Но на утро он не хотел уходить; он остался у нас и на этот день и на много последующих. Он нам дорого стоил, этот олень, и мы получили о нём запрос от ленсмана. О нём сделали оглашение на церковной паперти, но хозяин не заявлялся; он, наверно, был со стадом оленей в горах. Тогда возник разговор об аукционе на оленя; но кто же мог купить в нашем бедном поселке такое дорогое животное? Короче говоря, оленя нужно было поделить на части и для этого зарезать его.
А мы всё время ходили и таскали ему еду. Он охотно ел флатбрё, но от каши отказывался. Он с удовольствием жевал мороженые листья брюквы, к счастью, бывшие у нас; кроме того, мы с Гансом доили для него корову и предлагали ему молока; но молока он тоже не хотел. Ко всем взрослым он стал относиться с такой злобой и раздражением, что только мы, дети, и могли подойти к нему близко; иногда он сбрасывал у нас с голов шапки и обнюхивал наши волосы. Он принимал нас, быть может, за каких-нибудь редкостных телят.
Однажды пришёл сосед, который должен был зарезать оленя. Он был недостаточно ловок и не попал ножом, куда следует, воткнув его в кость; олень вырвался от всех и стремглав пустился по дороге с ножом, торчащим в затылке.
— Вот ты увидишь, это ни к чему не поведёт, — сказал мне Ганс, — олень вывернется из беды!
— Тогда его застрелят.
— И это ни к чему не поведет! — сказал Ганс. — И мы схватили друг друга за руки и зарыдали от восторга, что с оленем не удастся сладить.
Призвали стрелка. У него было старое ружье, которое он должен был сперва отогреть у плиты над сильным жаром. Потом он начал заряжать. Не знаю, было ли у него мало дроби, но он изломал в мелкие куски нескодько гвоздей и напихал также в дуло. Зарядив ружье, он произнес шёпотом несколько слов, обращаясь к плите; вероятно, это было заклинание или что-нибудь вроде того; во всяком случае, он повернулся опять к нам, что-то бормоча и с искажённым лицом. Когда он уходил, мы были полны предчувствия чего-то мрачного и необычайного.
Такому стрелку не следовало бы быть профессиональным: ему нужно было быть мечтателем; в его поступках было что-то чудесное, мистическое. Но вот мы опять поймали оленя. Он был до крайней степени зол и раздражён и ни за что не хотел возвращаться во двор; мы должны были все пойти к нему на холм. Стрелок приложил к щеке ружье, прицеливался целую вечность и спустил наконец курок. Важенка, конечно, большое животное, но даже и большое животное должно было почувствовать глубокое потрясение, когда заряд дроби и гвоздей попал в его мозг.

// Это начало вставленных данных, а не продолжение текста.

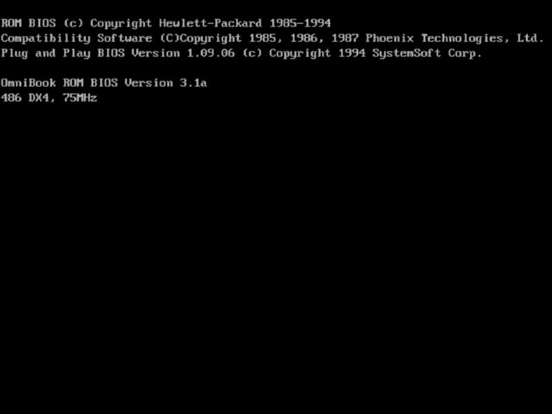 The Omnibook 600 series used a custom version of the Phoenix Plug & Play BIOS, which was stored on an EEPROM on the motherboard. This was user-upgradeable via the floppy drive.
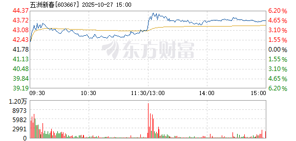 五洲新春盘中快速上涨,5分钟内涨幅超过2%,截至9点33分,报43.17元,成交9083.17万元,换手率0.58%。

Ошеломлённое, оно простояло минуту, будто прислушиваясь к чему-то чудовищному, Что творилось в его собственной голове, потом упало на колени и рухнуло на бок. Мы видели, как шевельнулось что-то серое, мохнатое и затем осталось спокойно лежать. Такова была смерть важенки.
Я написал в честь её стихотворение, чтобы отличить её от всякой издохшей собаки. Стихотворение было длинное, но запомнил я лишь следующее:
Мне остаётся упомянуть ещё о вредных птицах. Это — птицы, которые весною, во время посева, стаями слетают на поля и пожирают семена; это в особенности дикие гуси, воробьи и куры. На нас, детях, лежала обязанность гнать их с полей; а так как это была очень тяжёлая обязанность, которая отрывала нас часто от занятных игр, то мы ненавидели этих птиц. Нашу ненависть испытывали на себе в особенности куры; по отношению к ним мы много раз бывали прямо жестоки. Мы мастерски швыряли в них камни и поленья; тогда они убегали, спасая свою жизнь, и громко кричали; тут взрослые стучали нам в окно, и мы должны были умерить в себе жажду крови. Раз Ганс взял на подержание ружьё, которым он мог кое-кого застрелить. Он сделался страстным охотником; но в лесу он делал постоянно промахи. Когда же он начал стрелять в кур, стоявших совершенно спокойно, тогда ему удавалось попасть. Но после этого и дни его ружья были сочтены.
Ласковой летней порой
Крошечный роман
Отель был переполнен приезжими, как мужчинами, так и дамами — были даже некоторые из соседней страны. У большинства болезнь была пустая: и мужчины и дамы переутомились и приехали отдохнуть на несколько недель в маленький приморский рыбацкий городок. Были преимущественно женатые и замужние, но, чтобы в самом деле пожить мирно, они приехали без своих дражайших половин и устроились сами по себе. Между соломенными вдовцами и вдовами было много любовных историй, и при вечернем освещении, в салоне, пожилой народ казался молодым и обновленным. И все они хором говорили: «Это здоровый воздух, это море!».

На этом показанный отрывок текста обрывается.